用立法对抗民俗的做法是拙笨的

  城市实施的烟花爆竹禁放,基本上都是经过征求代表意见并且由地方立法的形式批准的,但是在实施的过程中,却普遍面临着尴尬。自实施禁放的时候起,春节燃放烟花爆竹的现象就一直未断。围绕着“禁”与“放”,主张燃放的民间情绪始终激情涌动,并与地方法规形成执著的博弈态势。禁放烟花爆竹之后的前一两年,被禁放的城市大都比较平静。但是,到第三年就有些人偷偷摸摸出来放了,有的是半夜三更放,有的是抢在黎明前放,由郊区扩展到市区,再由周边扩展到市中心,胆量大的人竟当众在大街上放,行人不但不制止,反而驻足观看、鼓掌欢呼,连有些执法人员都对这种违规行为睁只眼闭只眼。

  那些冒险燃放烟花爆竹的市民认为,过年不打点鞭子,不放点烟花,简直就没有年的气氛,连吃香喝辣都不够味。所以有时候宁愿被处罚,也要放一把过过瘾。城里不能放,有些人就驱车到郊区去放,不少人干脆携家带口到乡下过年,就是图个鞭炮带来的快乐。大概到了第四五个年头,全国各地燃放烟花爆竹的现象基本上“死灰复燃”了。那些每年动用数万人的力量维护“禁放令”的城市,在经过“少了烟花爆竹、多了寂寞冷清”的节日之后,也终于半推半就为燃放烟花爆竹放行。

烟花燃放

烟花燃放

  民俗活动“打铁花”使用的是熔化了的铁汁,在表演前,表演者首先需要把生铁放到专门的熔炉里熔化,然后再赤膊上阵,用特殊的木棒舀出铁水,并用另一根木棒从下往上击打。所以这种民俗有一定的危险性,传承起来比较困难。

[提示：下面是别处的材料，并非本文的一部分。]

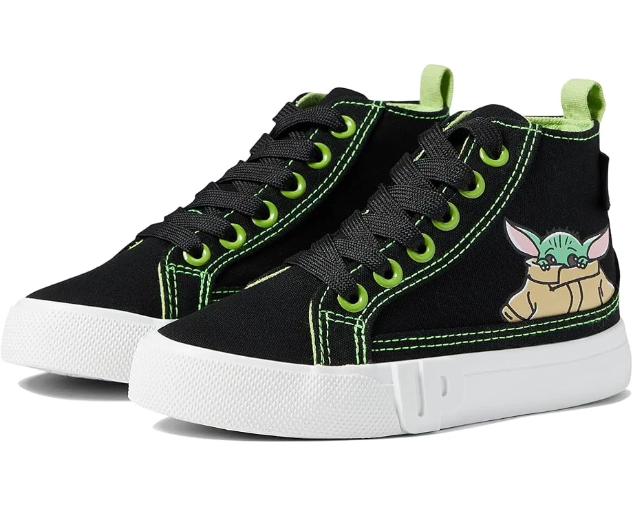 Keep your little one in stylish comfort with the Ground Up® Grogu High-Top sneakers.SKU: #9757626Canvas upper, lining, and insole.Lace-up closure with pull-on tab at heel notch.Yoda inspired design on quarter.Round-toe silhouette.Rubberized poutsole.Imported.Single shoe weight: 19 oz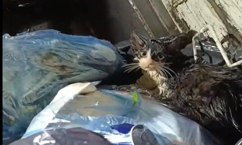 Personelin dikkati sayesinde ölümden dönen kedi, konteynerden çıkarıldıktan kısa bir süre sonra hızla uzaklaşarak gözden kayboldu.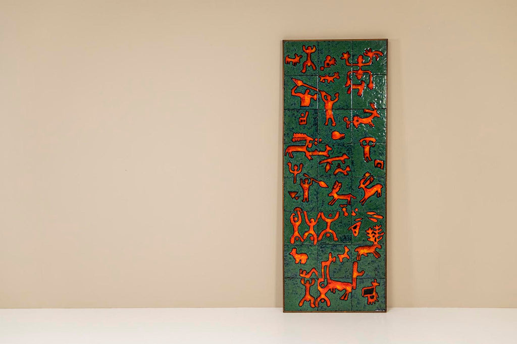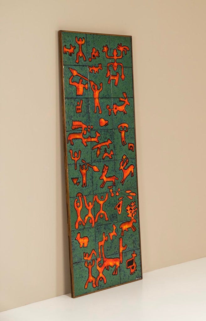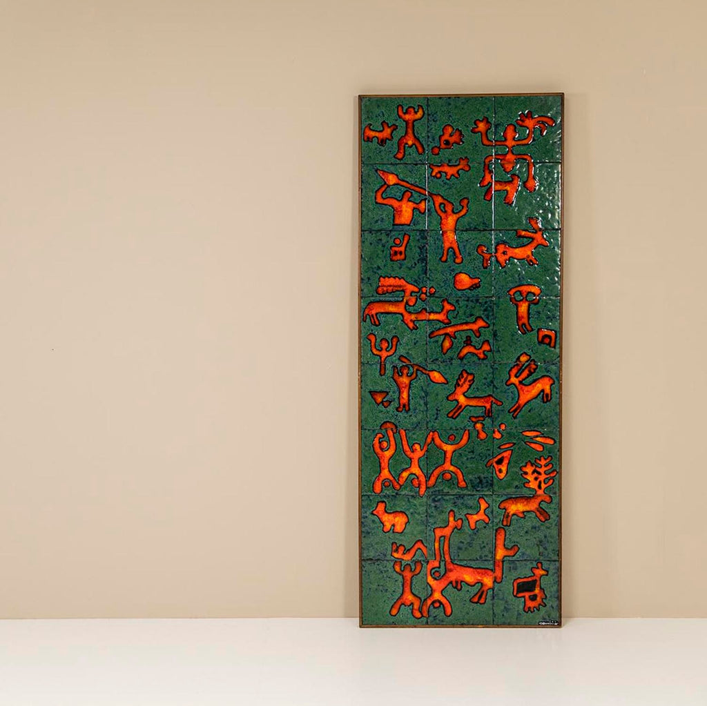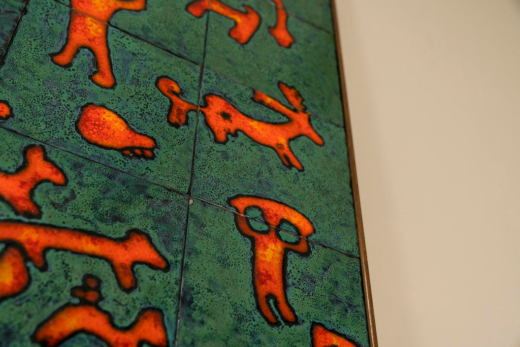 이 독특하고 화려한 예술 작품은 1940년대 고 이탈리아 예술가 Ivanhoé Gambini가 제작했습니다. 그는 1928년에 미래주의 운동에 참여한 건축가였습니다. 1936년까지 예술가는 더 이상 미래적인 내러티브에 기여하지 않고 대신 Busto Arsizio 시의 기술 부서에서 건축 렌더링에 집중했습니다. 이러한 맥락에서 그는 프로젝트의 혁신적인 품질, 그가 고안한 건축 솔루션 및 사용된 재료의 현대화를 강조했습니다. 그 후 그는 예술가로서 더 많이 등장하고 드러났으며 컬러 스프레이 및 에어 브러싱과 같은 기술 사용의 선구자 중 한 명이었습니다. 여기서 보여주는 작품은 감비니도 자신이 거장이라고 믿었던 전문 분야다. 즉, 도자기. 도자기법이 고도로 발달한 것으로 보아 이 그림은 1940년대에 제작된 것으로 추정된다. 나무 프레임도 거의 같은 나이입니다. 감비니는 이 작품을 통해 선사시대 동굴 그림을 예술적으로 재해석했다. 예를 들어 프랑스의 라스코(Lascaux) 동굴에서 우리가 알고 있는 인간의 최초의 소위 비유적 작품의 이미지가 이 작품에 표시됩니다. 사슴과 다른 동물의 실루엣도 보입니다. 황홀한 청록색 배경에서 창을 들고 있는 사람들과 춤을 추는 것처럼 보이는 사람들이 주황색-노란색으로 아름답게 렌더링됩니다. 모두 검은색으로 윤곽선이 그려져 있어 대비가 더욱 커집니다. 이 작품의 구성과 스타일은 일종의 Keith Haring avant la lettre입니다. 그 안에 움직임과 홈이 있고 색상이 정말 튀어나옵니다. 우측하단에 사인이 되어있고 상태가 아주 좋은 작품입니다. 아래쪽에서 세는 다섯 번째 타일의 모서리에 작은 칩이 표시되지만 이것이 이 매력적인 테이블의 모양을 손상시키지 않습니다.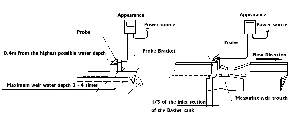 The physical quantity directly measured by the device is the liquid level. When it is used to measure the flow of an open channel, a measuring weir trough is installed on the open channel. The measuring weir trough converts the flow rate in the open channel into the level of the liquid level. The meter measures the water level in the weir tank, and then calculates the flow according to the relation between the water level and flow of the corresponding weir tank.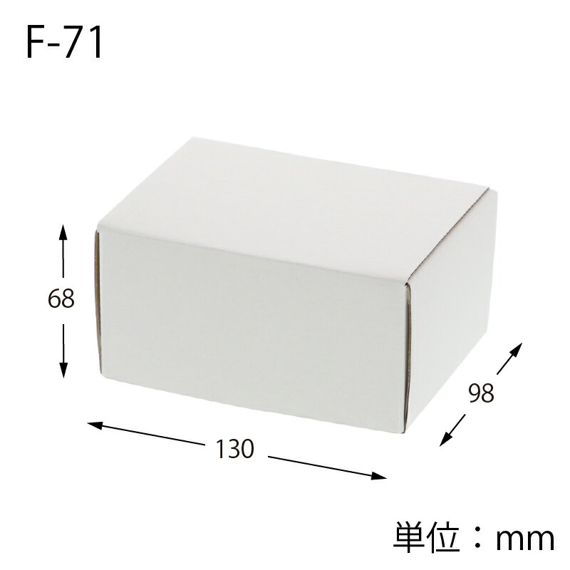 ギフトにも使える 薄い段ボール製のボックスです! 薄い段ボール製で丈夫なので、収納や発送、ギフトと幅広い用途にお使いいただけます。 豊富なサイズが揃っています。 ●入り数:10枚 ●サイズ:幅130x奥行98x高68mm(内寸) ●材質:白Eフルート段ボール ●再生紙使用 *表面に光沢はありません。 内側は段ボールの色(薄茶)になります。 *この商品はF-51(幅60x奥行60x高90mm)の中にぴったり2個入ります。 *お客様が組み立てるタイプのボックスです。 (組み立て前の状態でのお届けとなります。) 【環境配慮商品】 再生紙を 使用しています 【ご注意ください】商品に在庫数が表示されていない商品は自社販売と在庫を共有しているため、品切れとなる場合があります。また予告なくメーカー廃番となる場合があります。白無地タイプのボックスです。マグカップやグラス、灰皿など、小物に対応できる小さいサイズが中心となっています♪ 組み合わせ次第で、外箱に内箱2つをぴったり収納することができます!! ◆組み合わせ一覧表◆ 外箱 内箱 F-71(内寸:98x130x68mm) → F-51(内寸:60x60x90mm)×2個 F-72(内寸:108x140x73mm) → F-52(内寸:65x65x100mm)×2個 F-73(内寸:112x150x78mm) → F-53(内寸:70x70x105mm)×2個 F-74(内寸:120x162x83mm) → F-54(内寸:75x75x110mm)×2個 F-75(内寸:132x170x88mm) → F-55(内寸:80x80x120mm)×2個

  2003年12月,青岛率先对原有的烟花爆竹“禁放”政策做出了修改,明确规定在春节期间可以燃放烟花爆竹。许多城市积极响应、纷纷仿效,有的城市当年春节就开禁了。在这种力量的冲击下,没有开禁的城市违规燃放的现象更加严重,据说当这年的农历新年到来之际,上海、天津、重庆、成都、南京等市的禁放区内烟花爆竹燃放持续不断,因为“法不责众”,市民的燃放行为几乎控制不了。这一年,北京的烟花燃放点虽然从过去的32个扩大到52个,而且限定在郊区县各度假村和空旷地带,但仍然向市区逼近,连长安街一带都有人在楼顶上燃放了。到了2005年,北京正式宣布实行“禁改限”,即使城区也可以在规定的时间和规定的区域燃放。连北京都开禁了,其他城市还能固守吗?上海、天津、重庆、武汉、南京、西安、成都等一些大中城市陆续实行“禁改限”,规定除了加油站、天然气站、文物古迹、学校等场所,春节期间,市民可以在全市范围内燃放烟花爆竹。一年之内,全国约有170多个城市都由禁放改为限制燃放,有的城市还完全放开了。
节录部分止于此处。